Worryingly my friends all asked the same two questions, and in the same order ‘What will you do with your hair?’ and ‘What does Husband think?’ I told them I was going to tie up the first and might well do the same to the second.  Why do my friends think my peroxide bob comes before Husband?  That is worrying.  I guess I can at least hide the fact that one is very grey.


I have also had to cope with a lot of pricks lately, and I don’t just mean the guy in the camping shop who tried to sell me a £350 sleeping bag.  No, I mean vaccinations!  I have actually had so many that if I keeled over in the high street and someone saw my arms, I would be carted off to the nearest rehab centre. 

Jayne Webb eating lunch smiling in one of the stages of a midlife crisis.

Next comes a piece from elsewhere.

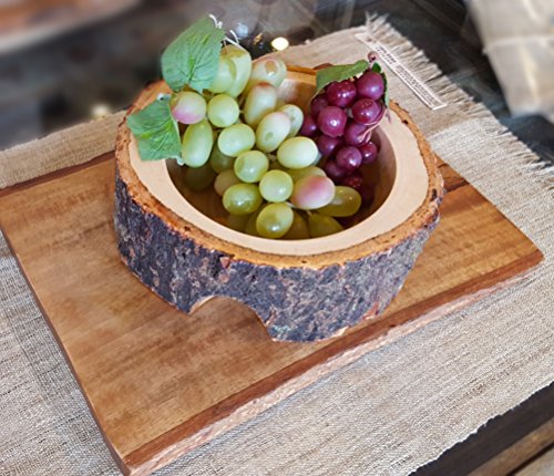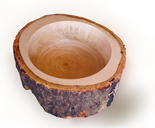 RoRo 7 Inch Hand-carved Guacamole Salsa Soup or Cereal Bowl with bark made from sustainable orchard wood (Natural)
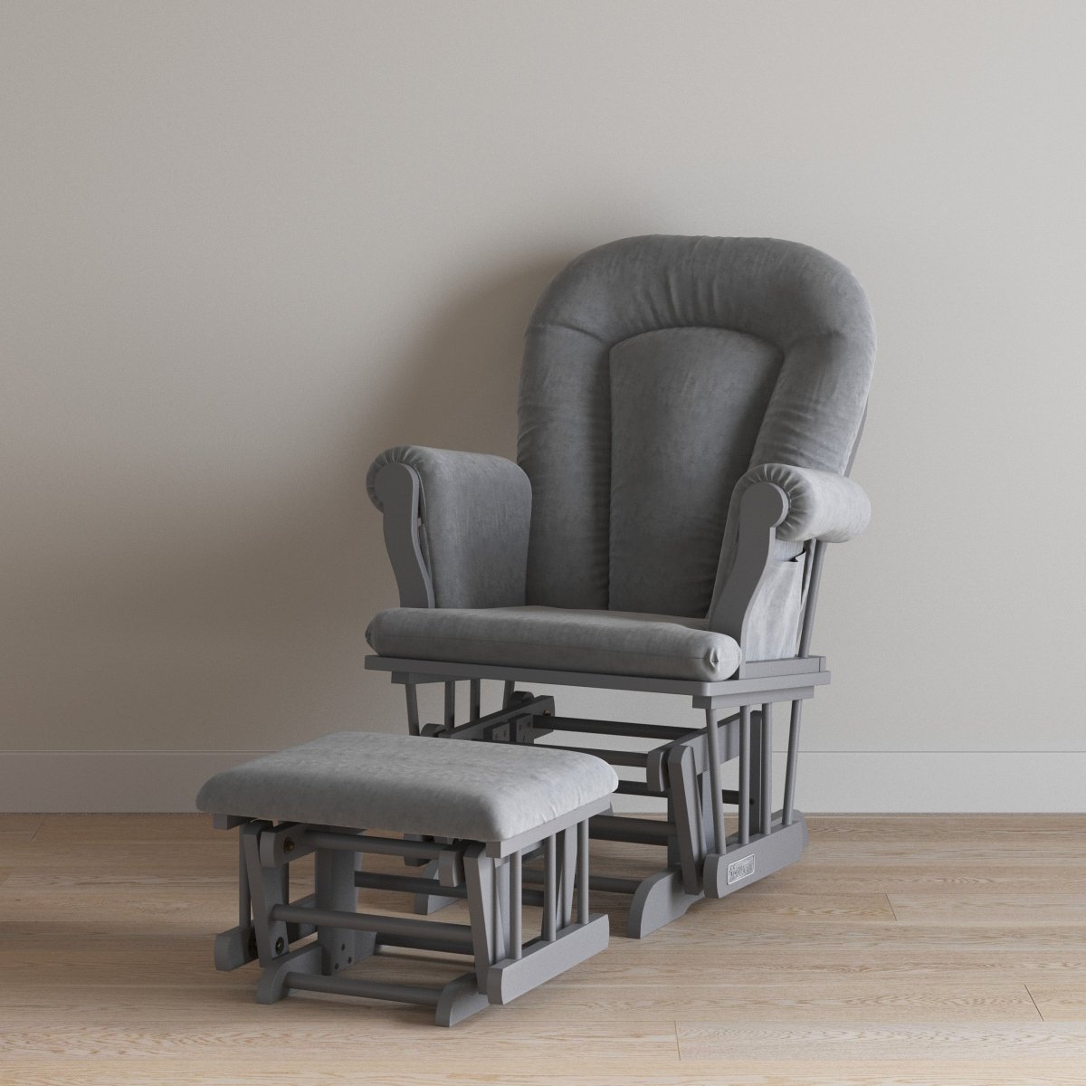 The Child Craft Cozy Glider and Ottoman in Cool Gray, with padded armrests and a matching ottoman, sits on a light wood floor against a beige wall, making it a cozy nursery chair option.

A nice lunch out before I go…

Barking Mad

I thought Japanese Encephalitis was something on the menu at YO! Sushi but, it is in fact, a rare, but often fatal brain disease, carried by mosquitos and it requires 2 bloody great needles full of serum to prevent it. I have also had 3 jabs for rabies and guess what?  It actually does not STOP me catching rabies!  It just means that when I fall to the ground, foaming at the mouth and barking with a limp tail I have more time to get to hospital.  Great….!

Who Is Having It?

Jayne Webb, middle aged, middle class, middle income, mid-range interior designer from the Midlands living in Surrey, UK.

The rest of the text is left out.